Laura (1944) opening banner

Off the top, a three-part disclaimer:  

  1. You should watch Laura.  It’s only the seventeenth (out of sixty-eight) films I’ve given the designation of Timeless.
  2. If you think you might ever watch it, don’t read this review.  It’s impossible to write about Laura without spoiling it, and it’s got a killer twist.  Go watch it, and come back when you’re finished.  I’ll wait.
  3. If you’ve already seen it or you know you’ll never watch it, proceed.

Don’t say I didn’t warn you.


I don’t consider myself a film critic.  To be a good film critic, you need a dispassionate air.  You examine a film objectively, and situate it in its time and place in the history of film.

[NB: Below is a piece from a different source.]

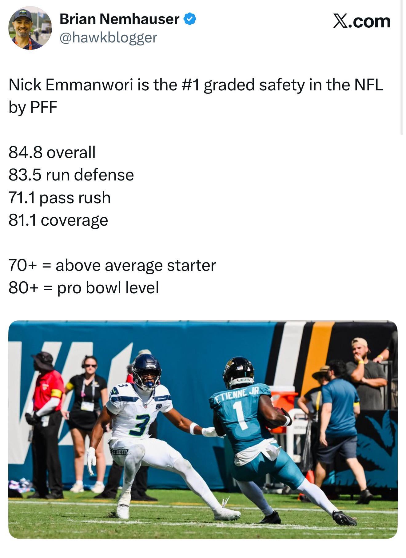 [Nemhauser] Emmanwori is the #1 graded safety in the NFL
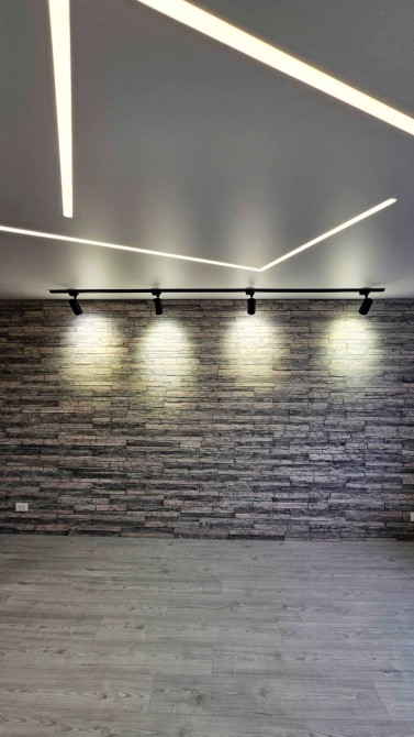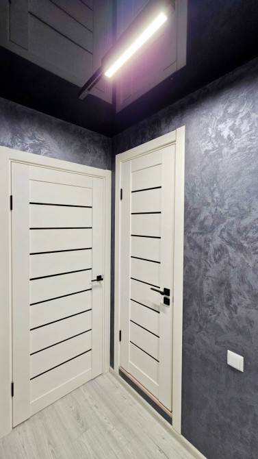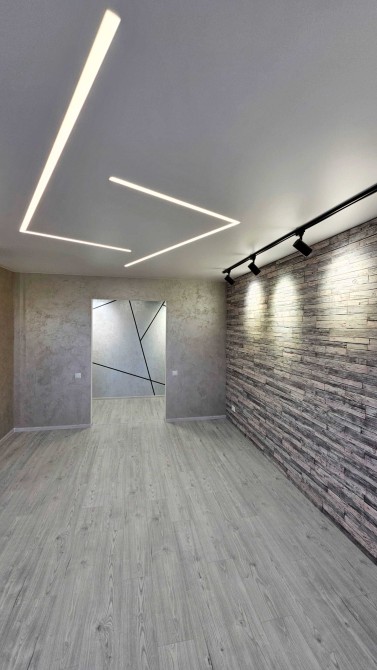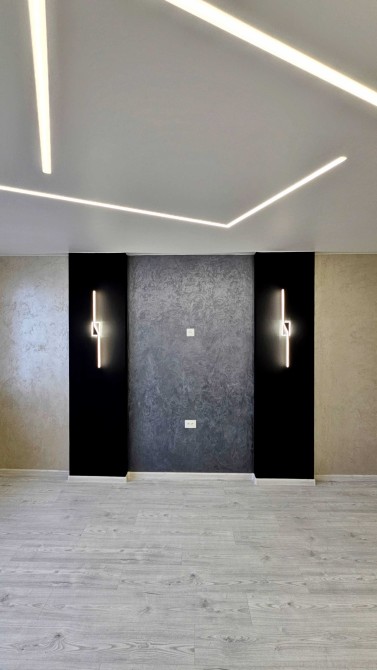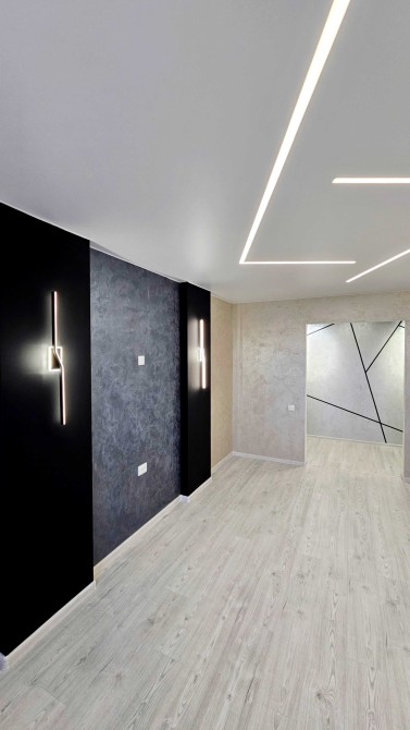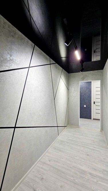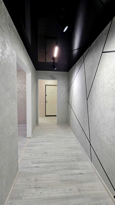 По всей квартире уложен ламинат, установлены подвесные потолки со стильной подсветкой, стены оформлены декоративной штукатуркой, что создаёт современный интерьер.

I do some of this, of course.  But I don’t write objectively.  I let my personal opinion color everything.  I play favorites and gloss over the faults of my idols.  

The films I truly despise?  The ones that bore me to tears?  I don’t write about them at all.

I’m a fan, first, last, and always, and not much different from the kid I was at ten years old watching these black and white films with my mom on Turner Classic Movies.

Three films in particular hooked me and launched a lifelong love affair with classic cinema.  Watching them as an adult, I wonder exactly what fascinated me, why I wanted to watch Bette Davis in black and white more than Saturday morning cartoons. Three quarters of the story went over my head, I’d never heard of a director, and I didn’t know anything about the lives of the stars.  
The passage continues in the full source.